Cieszyn, as a modern municipal entity only came into existence in the second half of the 19th century. Owing to an extensive and well planned rebuilding programme before the First World War the town could boast a gasworks, a piped water supply, an abattoir, a sawmill and carpenter’s workshop, swimming baths and a power station. The town also possessed a tramway, first opened in 1911, and a municipal cemetery. The mayor and Town Council managed these assets with the help of the Municipal Office, supervising the town guard, the building inspectorate, a treasury and an office of sanitation. There was also a social welfare committee which had ultimate control over the town’s social services such as the orphanage, the old people’s home, several kindergartens – the equivalent of today’s nurseries – and a common room for poor children located in ul. Górna. The local authorities also had great influence on the running of Cieszyn’s schools.

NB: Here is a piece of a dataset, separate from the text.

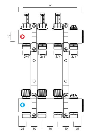ALTECH ROZDZIELACZ STALOWY Z PRZEPŁYWOMIERZAMI 1 CAL Z WKŁADKAMI ZAWORÓW TERMOSTATYCZNYCH 10 OBWODÓW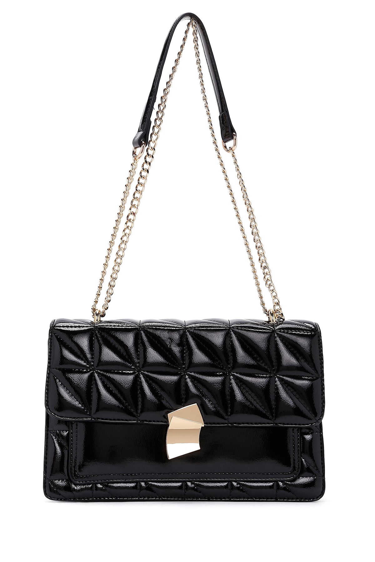 Kadın Siyah Zincir Askılı Kapitone Kol Çantası

The town was also the owner of a two-year trade school. A gymnasium was built for the use of all the schools. From 1901 the town subsidised the Town Museum, then located in the Town Hall, later in the building previously housing the military hospital in ul. Limanowskiego, and from 1905 in a building at number 2, Stary Targ owned by the town. After all of Cieszyn’s museum collections had been combined after the First World War, the museum was moved to the former residence of the Counts Larisch, bought by the town from the Demel family.
The Komunalna Kasa Oszczędności Muncipal Savings Bank, founded in 1859, assisted greatly in the financing of such community projects. Cieszyn’s main income was taxes paid by the town’s residents and by firms operating in the town, and from property owned by the town, which were rented out for various purposes; most often as shops and cafés.